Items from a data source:

[Start of section]

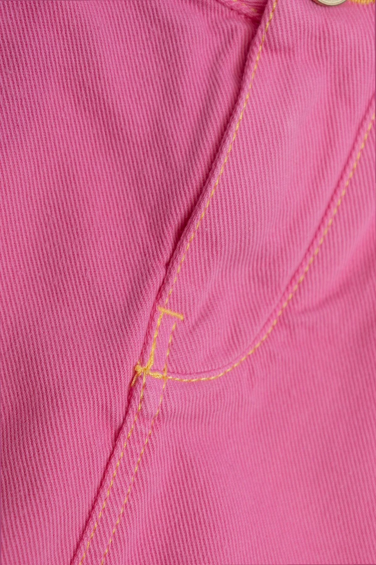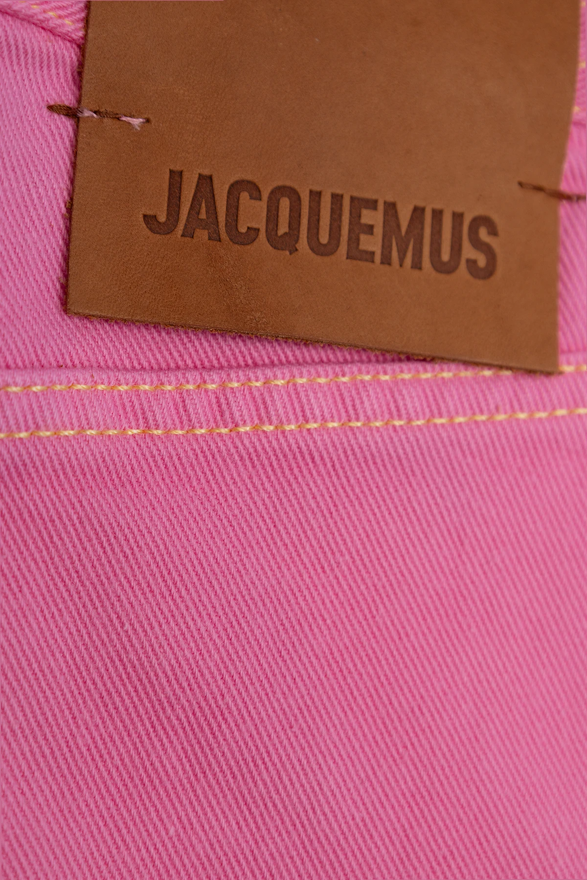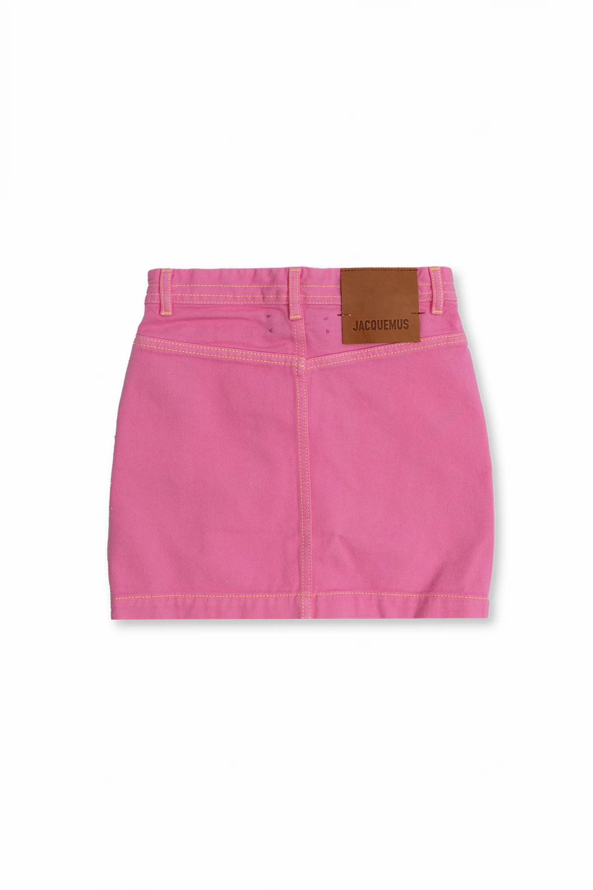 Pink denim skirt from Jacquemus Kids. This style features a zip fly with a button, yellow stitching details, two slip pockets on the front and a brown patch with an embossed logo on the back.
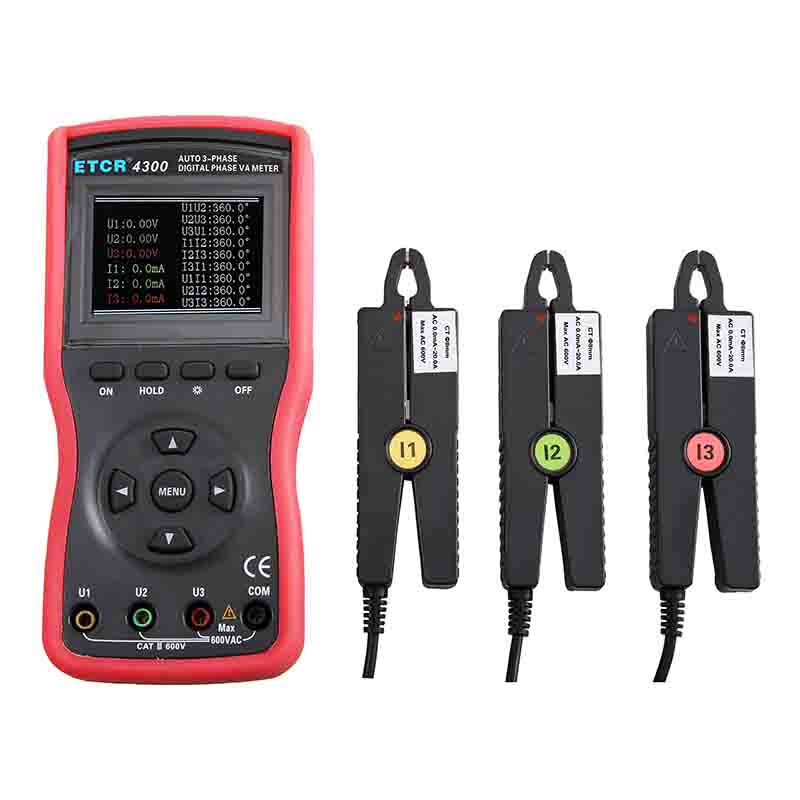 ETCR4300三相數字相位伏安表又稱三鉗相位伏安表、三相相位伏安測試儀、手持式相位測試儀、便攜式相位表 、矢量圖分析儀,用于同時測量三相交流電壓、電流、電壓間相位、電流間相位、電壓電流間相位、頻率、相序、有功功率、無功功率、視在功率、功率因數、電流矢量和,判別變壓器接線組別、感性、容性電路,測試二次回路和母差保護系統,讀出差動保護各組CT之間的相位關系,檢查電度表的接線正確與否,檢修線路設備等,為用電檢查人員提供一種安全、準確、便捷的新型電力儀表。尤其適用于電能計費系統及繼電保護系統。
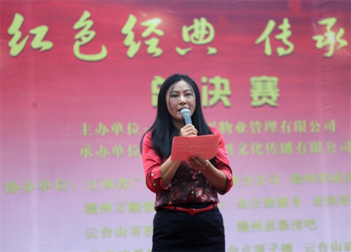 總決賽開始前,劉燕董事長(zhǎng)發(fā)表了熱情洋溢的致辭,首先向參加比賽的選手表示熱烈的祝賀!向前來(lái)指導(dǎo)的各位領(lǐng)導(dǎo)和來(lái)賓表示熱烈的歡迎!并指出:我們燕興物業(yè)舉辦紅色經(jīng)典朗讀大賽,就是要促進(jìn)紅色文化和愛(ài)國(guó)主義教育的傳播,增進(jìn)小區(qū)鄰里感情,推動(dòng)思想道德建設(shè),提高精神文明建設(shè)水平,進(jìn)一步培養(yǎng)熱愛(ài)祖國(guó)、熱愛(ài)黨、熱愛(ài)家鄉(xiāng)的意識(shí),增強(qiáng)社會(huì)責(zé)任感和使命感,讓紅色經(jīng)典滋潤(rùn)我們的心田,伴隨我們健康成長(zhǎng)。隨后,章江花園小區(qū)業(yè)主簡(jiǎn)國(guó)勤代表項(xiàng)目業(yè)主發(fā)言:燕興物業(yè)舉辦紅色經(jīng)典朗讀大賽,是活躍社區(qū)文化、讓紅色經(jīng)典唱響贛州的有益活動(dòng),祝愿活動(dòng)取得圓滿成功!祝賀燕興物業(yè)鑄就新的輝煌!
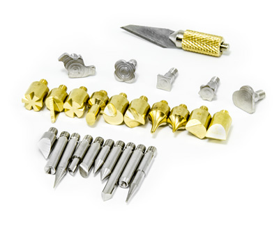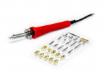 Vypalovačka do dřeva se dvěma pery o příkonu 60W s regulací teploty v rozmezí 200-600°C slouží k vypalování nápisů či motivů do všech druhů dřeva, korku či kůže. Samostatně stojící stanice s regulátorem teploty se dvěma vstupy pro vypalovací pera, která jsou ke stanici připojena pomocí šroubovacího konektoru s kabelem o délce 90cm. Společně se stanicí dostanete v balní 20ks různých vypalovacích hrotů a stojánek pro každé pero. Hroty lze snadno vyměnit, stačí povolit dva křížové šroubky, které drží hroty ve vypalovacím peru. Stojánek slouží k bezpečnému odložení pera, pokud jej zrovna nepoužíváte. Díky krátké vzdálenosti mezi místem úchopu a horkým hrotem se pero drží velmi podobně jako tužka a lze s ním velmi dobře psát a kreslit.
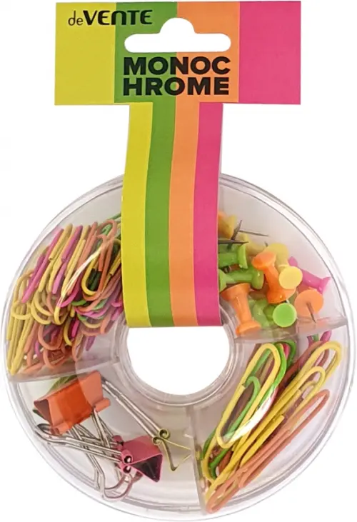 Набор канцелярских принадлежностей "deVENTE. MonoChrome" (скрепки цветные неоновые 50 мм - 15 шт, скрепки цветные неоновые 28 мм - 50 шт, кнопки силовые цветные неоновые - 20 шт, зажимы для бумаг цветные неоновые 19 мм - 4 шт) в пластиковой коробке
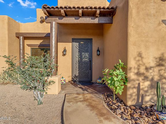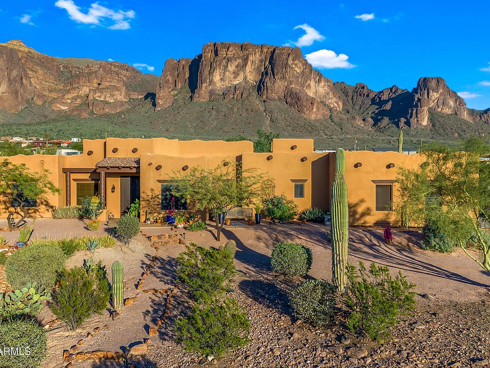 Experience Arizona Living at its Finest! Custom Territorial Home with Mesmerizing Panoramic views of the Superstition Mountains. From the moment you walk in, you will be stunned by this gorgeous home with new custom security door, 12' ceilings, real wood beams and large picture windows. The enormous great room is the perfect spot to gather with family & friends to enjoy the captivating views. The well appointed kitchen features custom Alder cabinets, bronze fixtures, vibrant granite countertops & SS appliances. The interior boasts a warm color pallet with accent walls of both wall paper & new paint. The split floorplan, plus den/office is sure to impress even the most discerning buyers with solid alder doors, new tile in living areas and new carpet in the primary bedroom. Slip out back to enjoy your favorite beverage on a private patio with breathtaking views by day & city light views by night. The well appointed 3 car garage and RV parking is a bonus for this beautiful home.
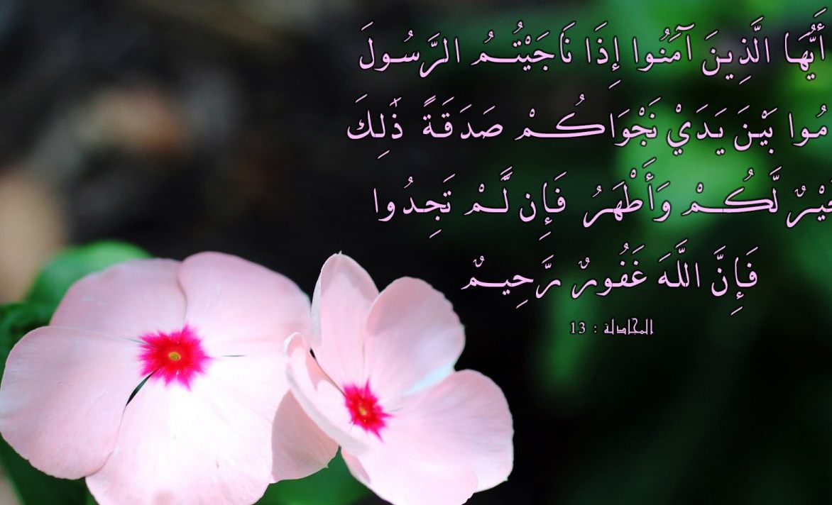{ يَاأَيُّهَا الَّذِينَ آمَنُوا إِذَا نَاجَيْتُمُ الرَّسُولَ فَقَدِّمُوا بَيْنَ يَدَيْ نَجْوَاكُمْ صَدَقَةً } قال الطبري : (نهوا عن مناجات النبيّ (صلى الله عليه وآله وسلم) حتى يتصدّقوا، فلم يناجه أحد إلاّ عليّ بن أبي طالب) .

[End of section]

PROBLEM REQUIREMENTS
Using the records above, print exactly the lines between the ones containing "Vypalovačka do dřeva" and "Набор канцелярских принадлежностей", inclusive, and nothing else; no pictures.

PROBLEM SOLUTION
 Vypalovačka do dřeva se dvěma pery o příkonu 60W s regulací teploty v rozmezí 200-600°C slouží k vypalování nápisů či motivů do všech druhů dřeva, korku či kůže. Samostatně stojící stanice s regulátorem teploty se dvěma vstupy pro vypalovací pera, která jsou ke stanici připojena pomocí šroubovacího konektoru s kabelem o délce 90cm. Společně se stanicí dostanete v balní 20ks různých vypalovacích hrotů a stojánek pro každé pero. Hroty lze snadno vyměnit, stačí povolit dva křížové šroubky, které drží hroty ve vypalovacím peru. Stojánek slouží k bezpečnému odložení pera, pokud jej zrovna nepoužíváte. Díky krátké vzdálenosti mezi místem úchopu a horkým hrotem se pero drží velmi podobně jako tužka a lze s ním velmi dobře psát a kreslit.
 Набор канцелярских принадлежностей "deVENTE. MonoChrome" (скрепки цветные неоновые 50 мм - 15 шт, скрепки цветные неоновые 28 мм - 50 шт, кнопки силовые цветные неоновые - 20 шт, зажимы для бумаг цветные неоновые 19 мм - 4 шт) в пластиковой коробке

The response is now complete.